Skin Cancer Statistics
• According to figures published by Cancer Research UK in 2011:
o It is estimated that around 100,000 new cases of skin cancer are diagnosed in the UK annually, making it the most common type of cancer;
o In 2008, more than 11,760 people in the UK were diagnosed with melanoma, which represents a quadrupling of the disease’s incidence since the 1970s;
o The majority of cases of skin cancer are preventable;
o The main cause of skin cancer is too much UK light from the sun or sunbeds;
o In 2008, over 2500 people in the UK died from skin cancer and there is evidence that this figure will continue to rise as young people who have experienced sun damage through over-exposure to the sun and sunbeds have an increased chance of developing skin cancer later on in life;
o Melanoma is now the second most common cancer in young adults, aged between 15 and 34, while almost one third of all cases occur in people under-50.
MP Awareness of Skin Cancer
• A survey of MPs conducted by ComRes for the Melanoma Taskforce indicated that concern about skin cancer is common within the House of Commons, with a majority of MPs (67%) either having been concerned themselves about a mole or having a family member who has been concerned.
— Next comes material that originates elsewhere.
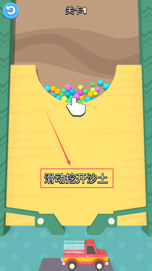 1、见提示「滑动挖开沙土」后,按住屏幕拖出通道,让角色沿斜坡滑落。

• The survey indicated however, that there is considerable uncertainty among MPs about the incidence and mortality rates from skin cancer and more than two in five (41%) MPs admit that their knowledge of the disease is ‘limited’ or ‘non-existent’.
• ComRes surveyed 156 MPs by self-completion postal and online questionnaires between 6th and 24th May 2011. Data was weighted to reflect the exact composition of the House of Commons.